2) Le désœuvrement lié à l’impossibilité d’exercer un métier
Cet aspect de l’incidence professionnelle concerne ici le préjudice qui résulte de l’impossibilité pour la victime de réintégrer le monde du travail en raison des séquelles qu’elle présente. Celle-ci se voit contrainte de demeurer inactive ; il en découle plusieurs désagréments tant économiques que sociales. En effet, non seulement la victime se verra priver de revenus professionnels tout au long de sa vie mais devra également subir les aspects sociaux que cette mise à l’écart du monde du travail aura sur sa vie personnelle.
En effet, il ne fait pas débat que le propre de l’être humain est de vivre en communauté et de travailler pour subvenir à ses besoins. Or, ici la victime se voit privée de ses activités professionnelles et se voit mise au banc de la société.
Les critères d’évaluation de ce préjudice sont de plusieurs ordres. Seront, notamment, mis en évidence :
- L’âge de la victime : en effet ce préjudice n’aura pas le même impact selon que la victime sera jeune ou âgée ; si la victime est jeune ce préjudice sera d’autant plus grave que celle-ci devra subir les conséquences liées à l’inactivité pendant de nombreuses années, ce qui n’est pas le cas de la victime proche de la retraite et qui aura déjà vécu une vie professionnelle riche.
- Les efforts que la victime aura fait pour accéder à une vie professionnelle riche et ses capacités antérieures à l’accident.
- Les tentatives de reclassement, de formation de reconversion.
La jurisprudence admet de plus en plus cet aspect de l’incidence professionnelle.

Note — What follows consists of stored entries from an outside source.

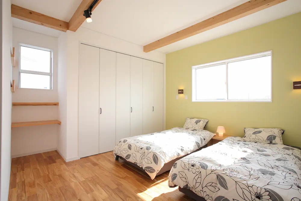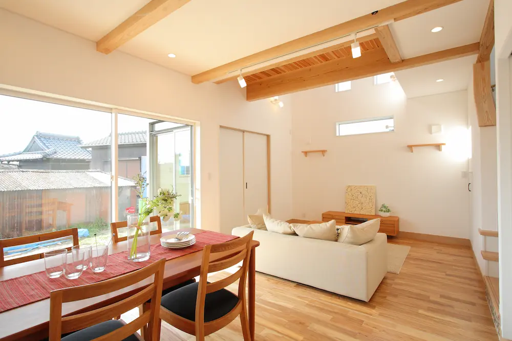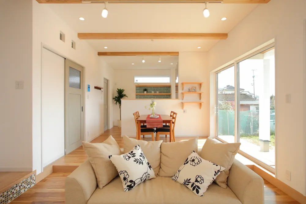 自然光がたっぷりと入る大開口の窓と、やさしい木の質感を組み合わせた、明るく開放的な住まいです。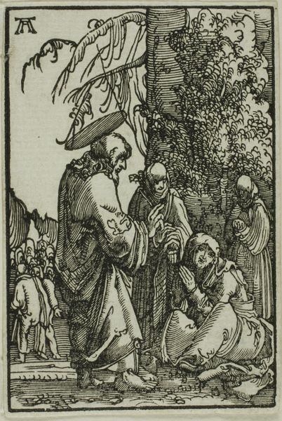 Curator: Before us hangs Durer’s early engraving, dating to 1503 or 1504, titled "Saint Anthony Visits Saint Paul in the Wilderness," held here at the Rijksmuseum. Editor: It’s so dense. The layering of those fine lines creates an almost overwhelming texture. Curator: Indeed. Consider the lines: how they build form, describe texture, even simulate light through density and direction. The composition draws the eye into a meticulously crafted narrative scene. Editor: Speaking of meticulously crafted, one has to consider the sheer labor involved in producing such a detailed image via engraving. The creation of the work, the hand of the artist, impresses itself upon the print. What sort of tools would be needed for this fine detail? Curator: That precise execution, achieved through burins and careful planning, allows for incredibly subtle tonal variations, and therefore, form. Think of the drapery of the saints' robes—the fall and fold articulated with such clarity. Also the background texture of trees and shrubbery. It reflects the ideals of Northern Renaissance art—precision in replicating nature. Editor: Right, and reflecting on those robes, made no doubt from woven wool in those times, that’s where I see the process of this image. The lines create form, yes, but in mimicking cloth or trees they highlight how process shapes our perception of the natural world, turning the wilderness into this almost habitable place for the figures. Curator: There is an ethereal quality, and the symbolic weight of the image as well: a raven bringing bread, a symbol of divine provision. The detail is impressive but its effect comes from the structural perfection, balancing line with form, texture with shape. Editor: Looking closely, you get a real feel for the skill and also dedication to this kind of artisanal practice. Curator: The act of sustained observation and painstaking replication truly elevate the subject here. It allows Durer to capture and then re-present to us a sense of wonder. Editor: A lot to ponder in this little artwork here.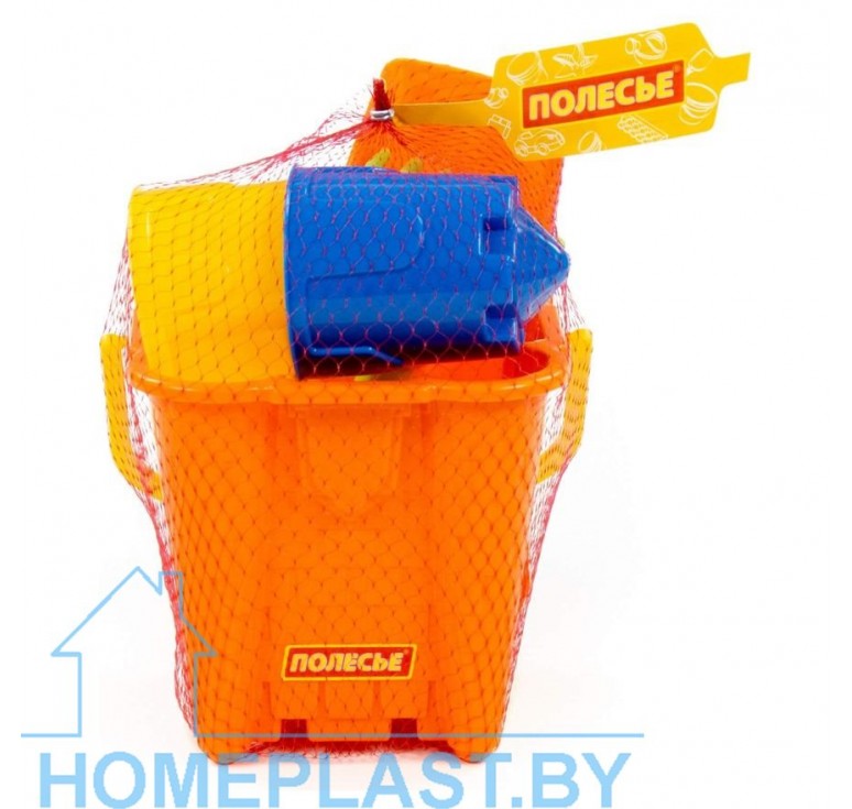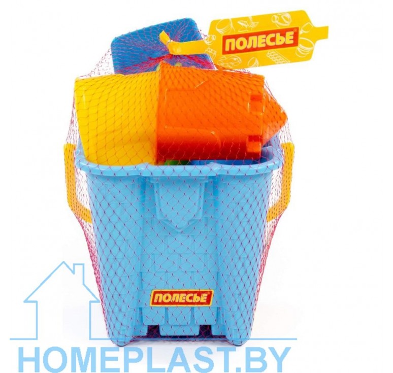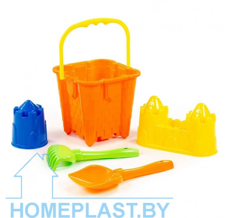 Состав набора:-Ведро-замок большое №2,- лопатка №5, -грабельки №5,- формочки (замок башня + замок стена с двумя башнями).

Elle évoque néanmoins, non un désœuvrement mais une anomalie sociale ou déchéance sociale pour indemniser ce préjudice.
Ainsi, la Cour de Cassation indemnise-t-elle la situation d’anomalie sociale que constitue la situation forcée de la victime qui demeure stigmatisée car sans emploi.
De la même manière, les Juges du fond ont pu juger que l’incidence professionnelle de la victime était caractérisée dès lors que cette dernière était privée de toute activité professionnelle et subissait, de ce fait, une perte de sociabilité par le travail.
A noter que cette position de la deuxième Chambre civile de la Cour de Cassation est à prendre avec précaution puisque la Chambre pose que l’impossibilité d’exercer une quelconque activité professionnelle ne constituerait plus un préjudice autonome mais devrait donc découler désormais d’une “situation d’anomalie sociale” pour pouvoir être caractérisé.
Quant est-il alors des autres aspects que procurent la valeur travail ? l’épanouissement personnel, la satisfaction personnelle du travailleur sont autant d’aspect qui ne sont pas, pour l’heure, pris en compte par la haute juridiction.
Le désœuvrement lié à l’impossibilité de travailler tel que caractérisé par Claudine BERNFELD n’est donc pas dans son intégralité à appréhender avec la notion d’anomalie sociale.